**EXERCISE DIRECTIONS:**
Keep the wording of each record exactly the same when you repeat it, and leave out pictures.

[MATERIAL FOR THIS TASK]

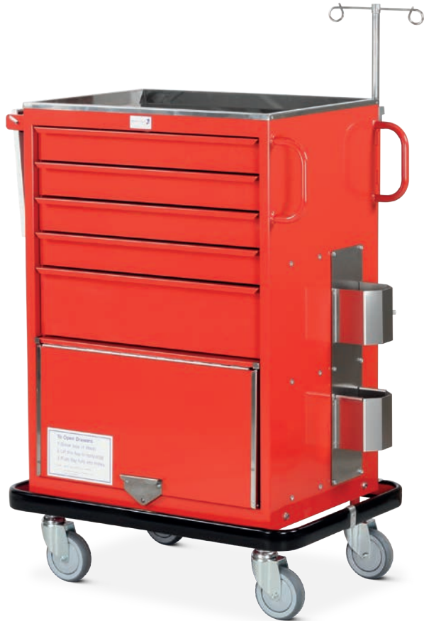
WT250/CYL/D/E shown with optional cylinder holder WT/CYL/D/E

Drop down cupboard door prevents drawers from being opened. Can be secured using security seals.
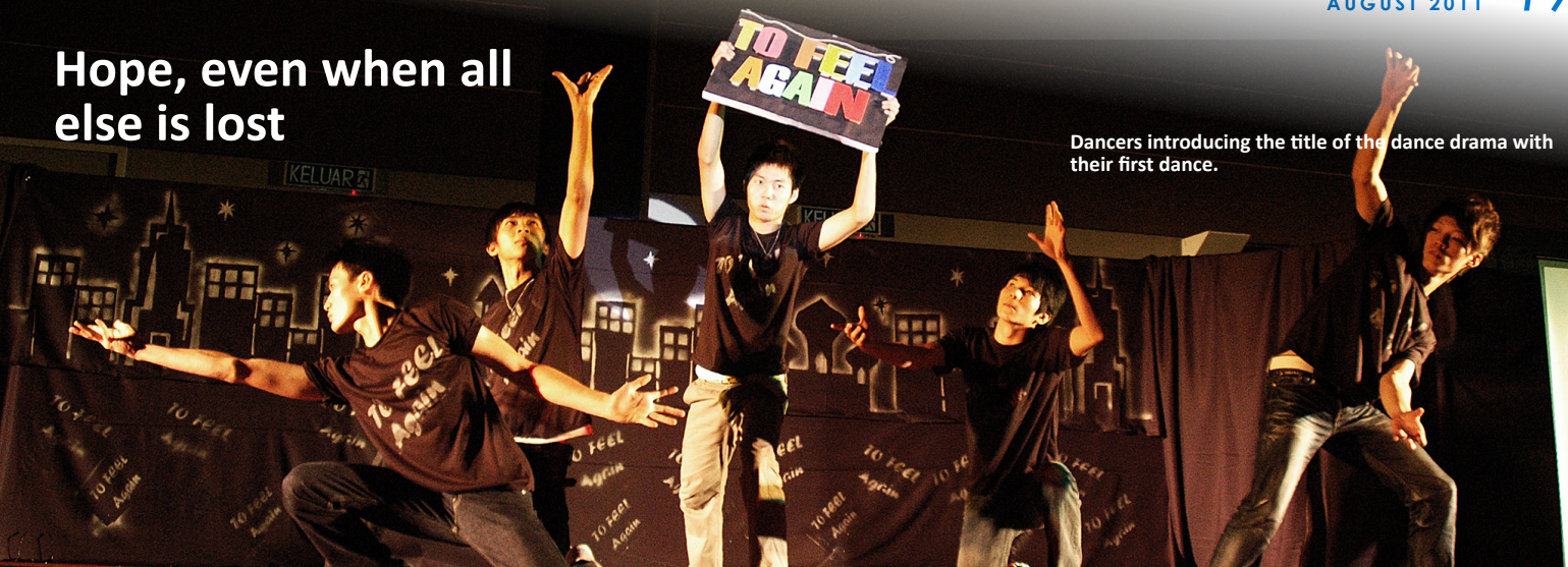
Dancers introducing the title of the dance drama with their first dance.

Organised by the UTAR Dance Club, a dance drama titled "To Feel Again", held at Heritage Hall, UTAR Perak Campus on 27 June 2011, overwhelmed the audience with its story. It initially had a fun vibe, but turned tragic at the end.
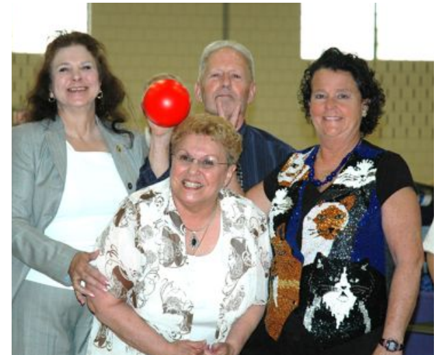
Even judges have fun at ACFA shows. Many also show cats when not judging.

Our Goal is to promote the welfare, education, knowledge and interest in all domesticated, purebred and non-purebred cats, to breeders, owners, exhibitors of cats and the general public.
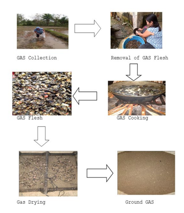
Figure 1. Collection and Processing of GAS

The fish were weighted and harvested after 60 days of culture, then sold to fish farmers at Php 10.00 each.
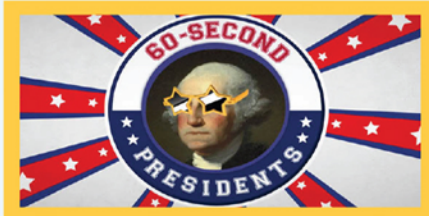
60-Second Presidents PBS Learning Media
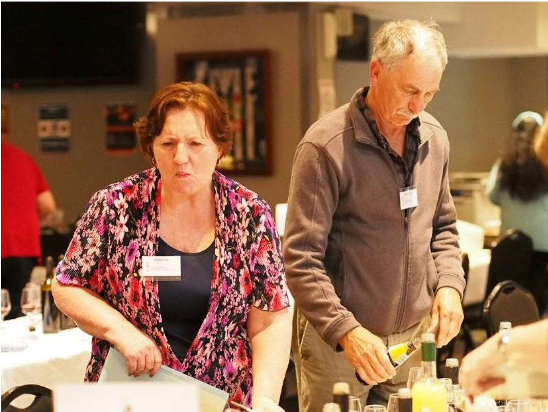
This liquor is just a bit too sour.
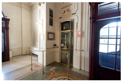
Evening box office
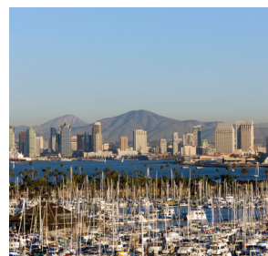
San Diego skyline
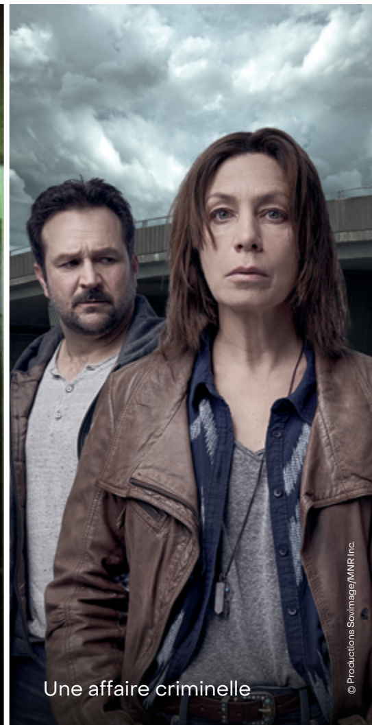
Une affaire criminelle
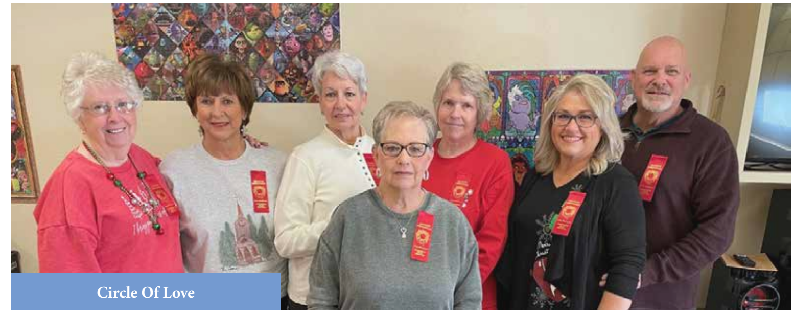
Circle Of Love
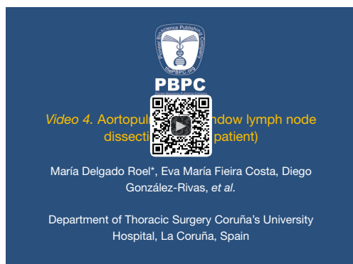
Figure 4 Aortopulmonary window lymph node dissection (awake patient) (8). Available online: http://www.asvide.com/articles/339
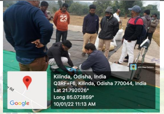
Ragi seed Testing
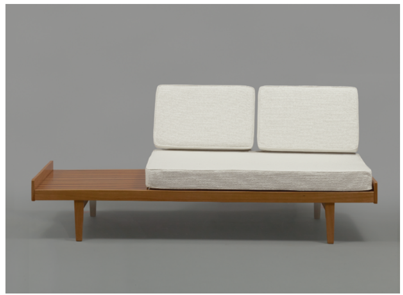
Pierre Paulin, Banquette 118 (Bench 118) Edition Meubles TV - 1953
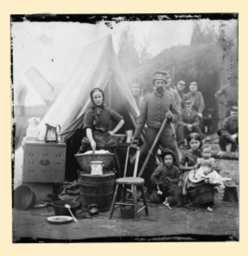
This soldier and his family enjoy a relative luxury of fixed camp. Our reenactment aims at short-lived camp life in the middle of military campaign.
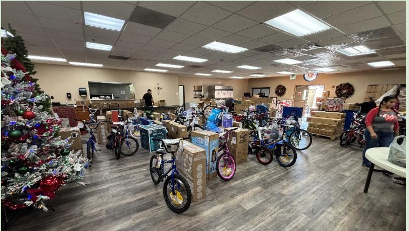
Bikes and toys ready in the other room for distribution.
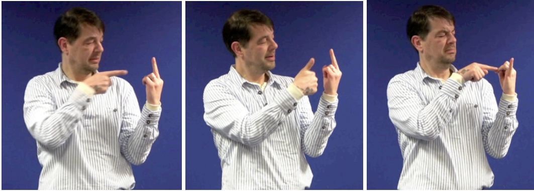
Figure 5. Fully-scaled referent shown through person transfer (close-up shot) interacting with referents shown through situation transfer (distance shot)
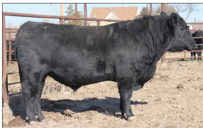
Gardens Timex P257

Gardens Timex is a bull with modest birth weight that will add volume, capacity, dimension and carcass merit to your calf crop. We have used him in our herd and his offspring have excellent vigor, performance and excel in the feedlots. He will produce long lasting, productive and profitable daughters to improve any herd. On the rail he will deliver carcasses with quality and cutability that are sure to earn you grid premiums. Timex ranks in the top 2% on marbling in the breed and is also a superior settler.
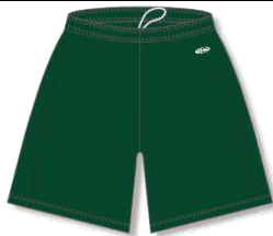
AS1300 - Dark Green

Dryflex - 100% Polyester - Moisture Wicking - With pockets
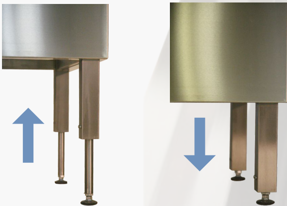
6" of work surface height adjustment to accommodate medical staff of various heights
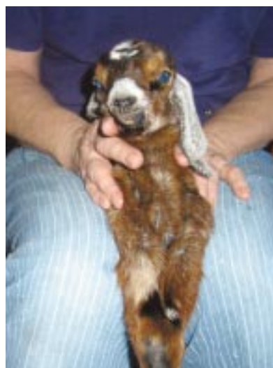
Figure 3. Restrain the animal by holding it gently by the shoulders between your knees facing away from you.
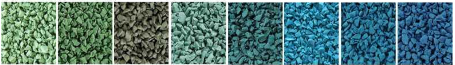
TPV 14 Light green
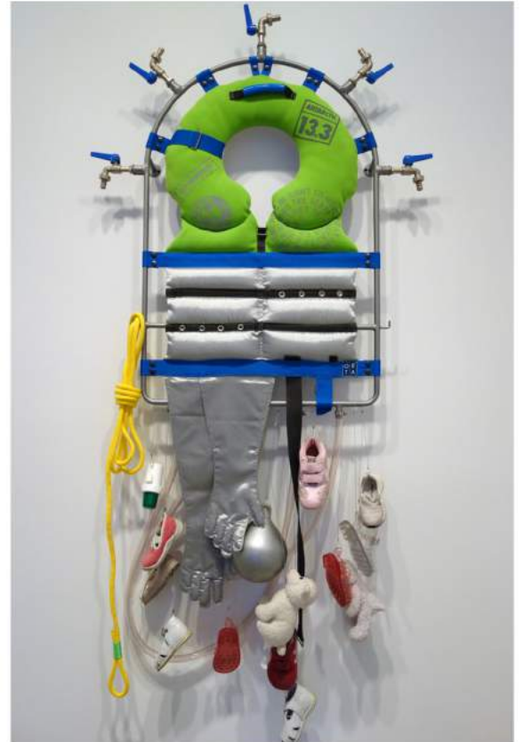
Lucy + Jorge Orta, "Life Line – Survival Kit" (2008), steel frame, piping, 5 taps, various textiles, silkscreen print, webbing, children's shoes, float, warning light, rope, 59.06 x 31.5 x 5.91 inches
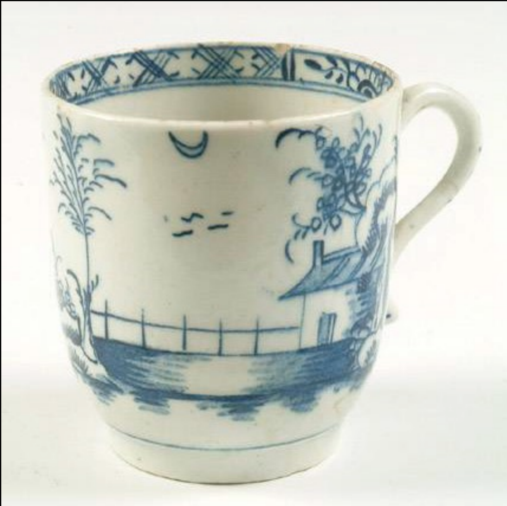
English Soft Paste Porcelain Tea Cup from Suffolk Lowestoft c. 1770 - 1780 (Museum of London)
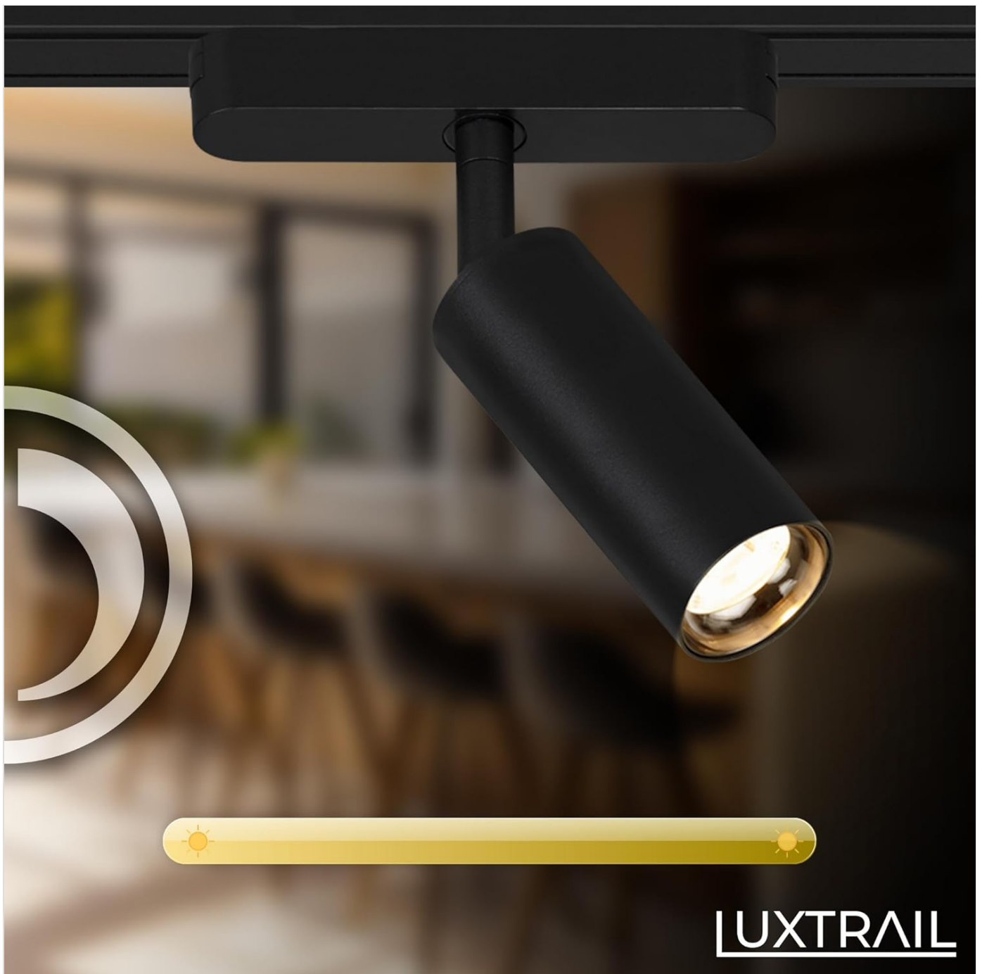
Image: A detailed view of a BRILONER Luxtrail tracklight, illustrating its rotational capability for precise light direction.
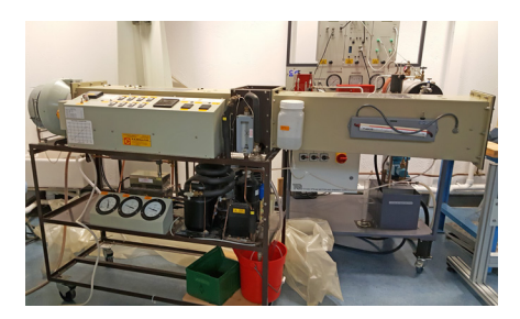
Limerick Institute of Technology – standard unit
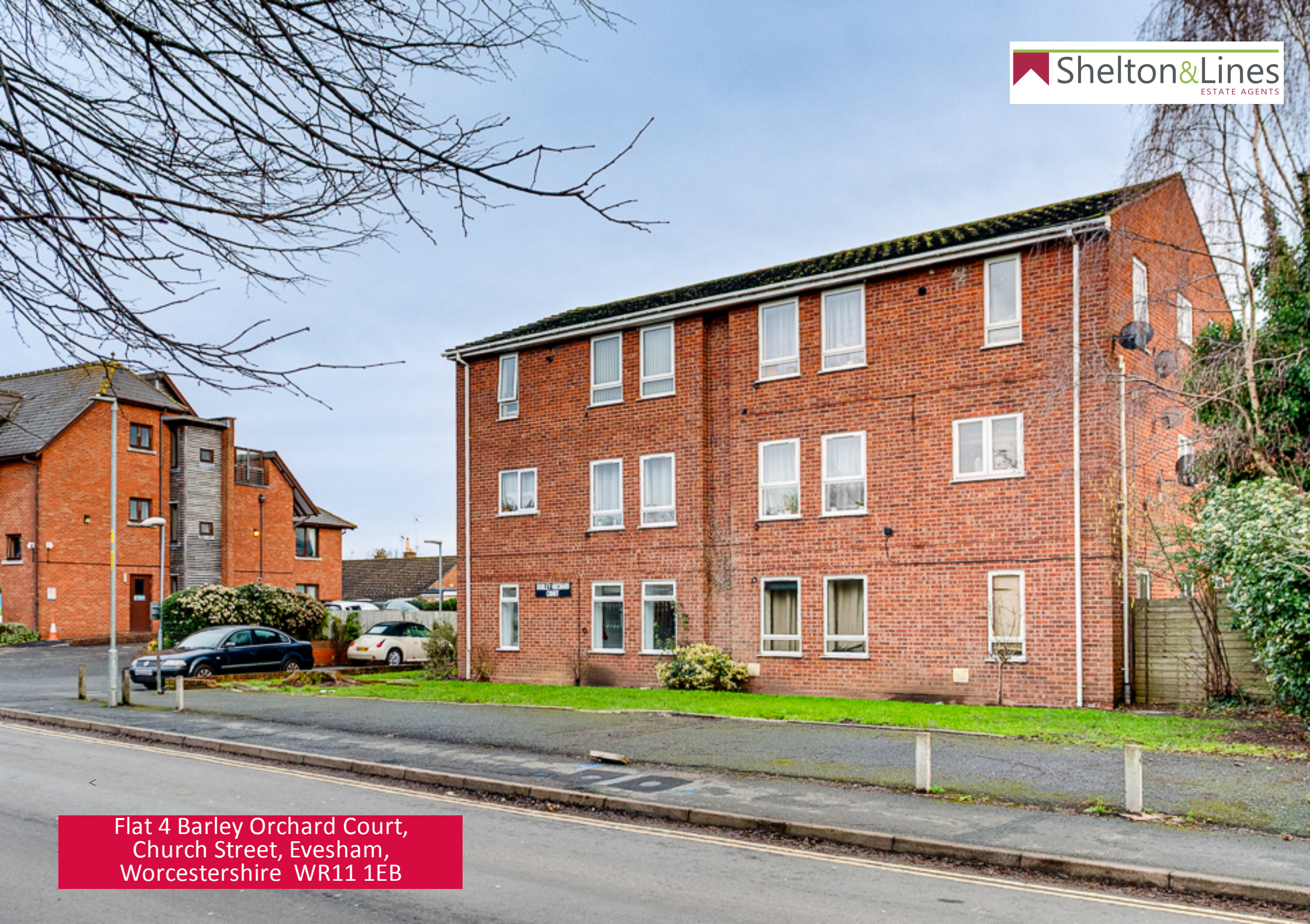
Flat 4 Barley Orchard Court, Church Street, Evesham, Worcestershire WR11 1EB

[/MATERIAL FOR THIS TASK]

**ANSWER BOX:**
WT250/CYL/D/E shown with optional cylinder holder WT/CYL/D/E

Drop down cupboard door prevents drawers from being opened. Can be secured using security seals.
Dancers introducing the title of the dance drama with their first dance.

Organised by the UTAR Dance Club, a dance drama titled "To Feel Again", held at Heritage Hall, UTAR Perak Campus on 27 June 2011, overwhelmed the audience with its story. It initially had a fun vibe, but turned tragic at the end.
Even judges have fun at ACFA shows. Many also show cats when not judging.

Our Goal is to promote the welfare, education, knowledge and interest in all domesticated, purebred and non-purebred cats, to breeders, owners, exhibitors of cats and the general public.
Figure 1. Collection and Processing of GAS

The fish were weighted and harvested after 60 days of culture, then sold to fish farmers at Php 10.00 each.
60-Second Presidents PBS Learning Media
This liquor is just a bit too sour.
Evening box office
San Diego skyline
Une affaire criminelle
Circle Of Love
Figure 4 Aortopulmonary window lymph node dissection (awake patient) (8). Available online: http://www.asvide.com/articles/339
Ragi seed Testing
Pierre Paulin, Banquette 118 (Bench 118) Edition Meubles TV - 1953
This soldier and his family enjoy a relative luxury of fixed camp. Our reenactment aims at short-lived camp life in the middle of military campaign.
Bikes and toys ready in the other room for distribution.
Figure 5. Fully-scaled referent shown through person transfer (close-up shot) interacting with referents shown through situation transfer (distance shot)
Gardens Timex P257

Gardens Timex is a bull with modest birth weight that will add volume, capacity, dimension and carcass merit to your calf crop. We have used him in our herd and his offspring have excellent vigor, performance and excel in the feedlots. He will produce long lasting, productive and profitable daughters to improve any herd. On the rail he will deliver carcasses with quality and cutability that are sure to earn you grid premiums. Timex ranks in the top 2% on marbling in the breed and is also a superior settler.
AS1300 - Dark Green

Dryflex - 100% Polyester - Moisture Wicking - With pockets
6" of work surface height adjustment to accommodate medical staff of various heights
Figure 3. Restrain the animal by holding it gently by the shoulders between your knees facing away from you.
TPV 14 Light green
Lucy + Jorge Orta, "Life Line – Survival Kit" (2008), steel frame, piping, 5 taps, various textiles, silkscreen print, webbing, children's shoes, float, warning light, rope, 59.06 x 31.5 x 5.91 inches
English Soft Paste Porcelain Tea Cup from Suffolk Lowestoft c. 1770 - 1780 (Museum of London)
Image: A detailed view of a BRILONER Luxtrail tracklight, illustrating its rotational capability for precise light direction.
Limerick Institute of Technology – standard unit
Flat 4 Barley Orchard Court, Church Street, Evesham, Worcestershire WR11 1EB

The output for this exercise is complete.